The popular perception that small businesses create most of America’s jobs has been the focus of heated debate for three decades. However, the more telling characteristic for predicting job creation is the age of the firm, not its size, according to a new study by John Haltiwanger, Ron Jarmin, and Javier Miranda. In Who Creates Jobs? Small vs. Large vs. Young (NBER Working Paper No. 16300), the researchers conclude that the younger companies are, the more jobs they create, regardless of their size.
Of course, all startup firms operate in a volatile “up or out” environment. After five years, many of these young companies are “out” — they fail and, as a result, destroy nearly half of the jobs created by all new companies. Nevertheless, the surviving firms continue to ramp “up,” growing faster than more mature companies, and creating a disproportionate share of jobs relative to their size.
“Firm startups account for only 3 percent of employment but almost 20 percent of gross job creation,” the authors write. “[T]he fastest growing continuing firms are young firms under the age of five,” the authors conclude.
In this study, which relies on data from the Census Bureau, the authors confirm that smaller companies created more jobs than larger companies during 1992-2005. But the importance of firm size depends very much on the assumptions one makes about the base year of the analysis, the number of employees used to define “small”, and other factors.
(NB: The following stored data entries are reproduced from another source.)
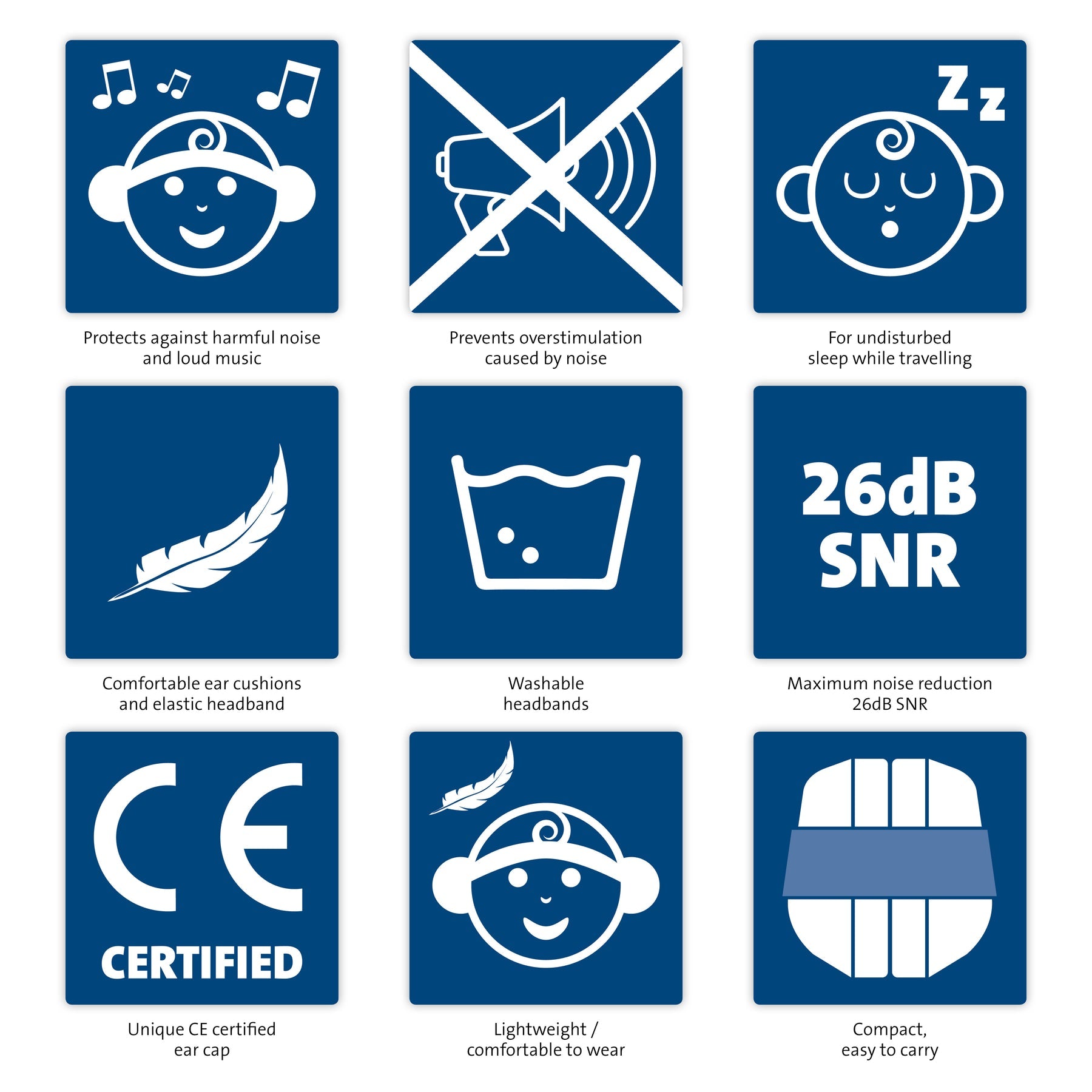 - De handige pasvorm in combinatie met de hoofdbandjes die standaard in twee maten worden meegeleverd maken de geluidsbescherming geschikt voor kindjes vanaf 12 maanden.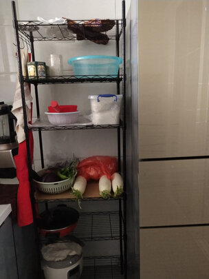 快过年了,厨房东西太多,刚好放个置物架,把这些东西归置在一起,灶台上就不会那么凌乱了,买的55公分的,刚刚好放下,和冰箱一样高。质量很好,自己组装也很简单。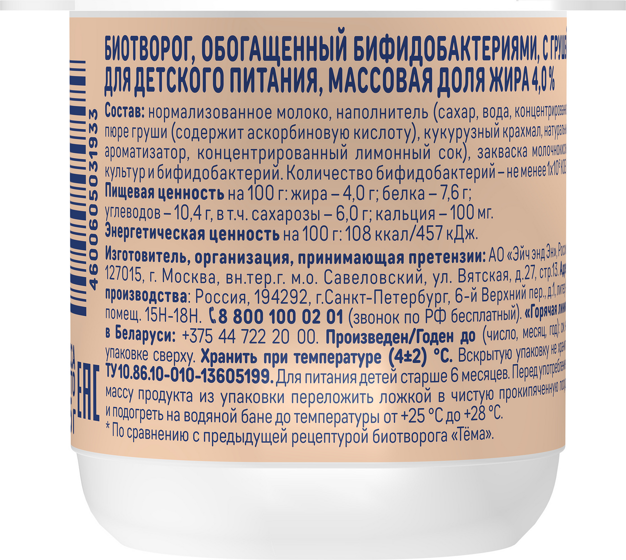 Биотворог детский Тема Груша 4% с 6 месяцев, 95г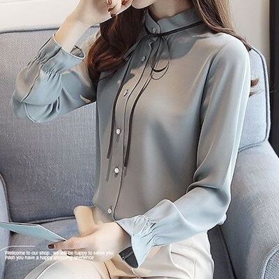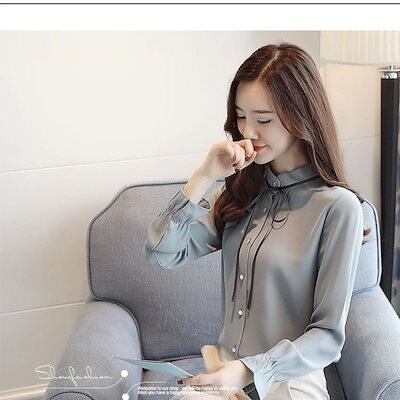 2024 春 新作 ゆったり 立ち襟 蝶結び 長袖 シフォン シャツ オフィス ブラウス レディース スリム見え 気質 トップス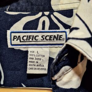 Pacific Scene Mens Hawaiian Print Short Sleeve Shirt Sz L Button Front Cotton

The real driver of disproportionate job growth, they find, is not small companies, but young companies. It is the startup firms that generate the surge of jobs that earlier research attributed to small companies.
Indeed, grouped in traditional ways, businesses tend to create jobs in proportion to their importance in the economy. Thus, large mature firms — those more than ten years old and with more than 500 workers — employed about 45 percent of all private-sector workers and accounted for almost 40 percent of job creation and destruction in this study.